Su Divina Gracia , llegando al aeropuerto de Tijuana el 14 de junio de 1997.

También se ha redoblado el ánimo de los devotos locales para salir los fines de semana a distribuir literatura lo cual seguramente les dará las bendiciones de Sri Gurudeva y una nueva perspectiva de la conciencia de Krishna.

------------------------------------------------------------------------

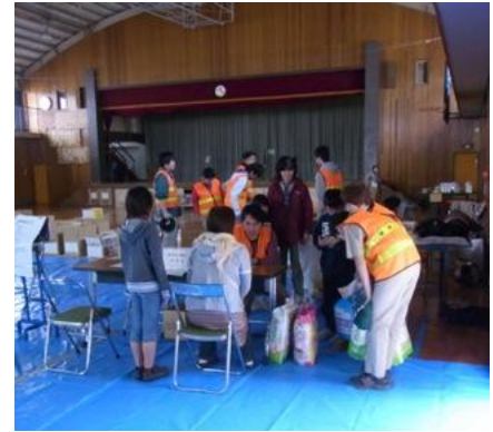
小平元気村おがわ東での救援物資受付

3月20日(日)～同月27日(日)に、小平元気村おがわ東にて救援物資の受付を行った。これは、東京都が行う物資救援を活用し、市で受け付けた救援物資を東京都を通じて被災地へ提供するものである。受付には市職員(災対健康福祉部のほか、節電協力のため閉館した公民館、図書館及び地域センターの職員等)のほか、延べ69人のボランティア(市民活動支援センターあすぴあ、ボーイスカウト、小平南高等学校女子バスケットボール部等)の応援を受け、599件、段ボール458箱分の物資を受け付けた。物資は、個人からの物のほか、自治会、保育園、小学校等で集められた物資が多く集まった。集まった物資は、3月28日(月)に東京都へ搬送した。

------------------------------------------------------------------------

- WHAT THE TASK REQUIRES -
Among the lines above, repeat exactly those from the line with "Su Divina Gracia" to the line with "También se ha", counting both ends.

- EXPECTED ANSWER -
Su Divina Gracia , llegando al aeropuerto de Tijuana el 14 de junio de 1997.

También se ha redoblado el ánimo de los devotos locales para salir los fines de semana a distribuir literatura lo cual seguramente les dará las bendiciones de Sri Gurudeva y una nueva perspectiva de la conciencia de Krishna.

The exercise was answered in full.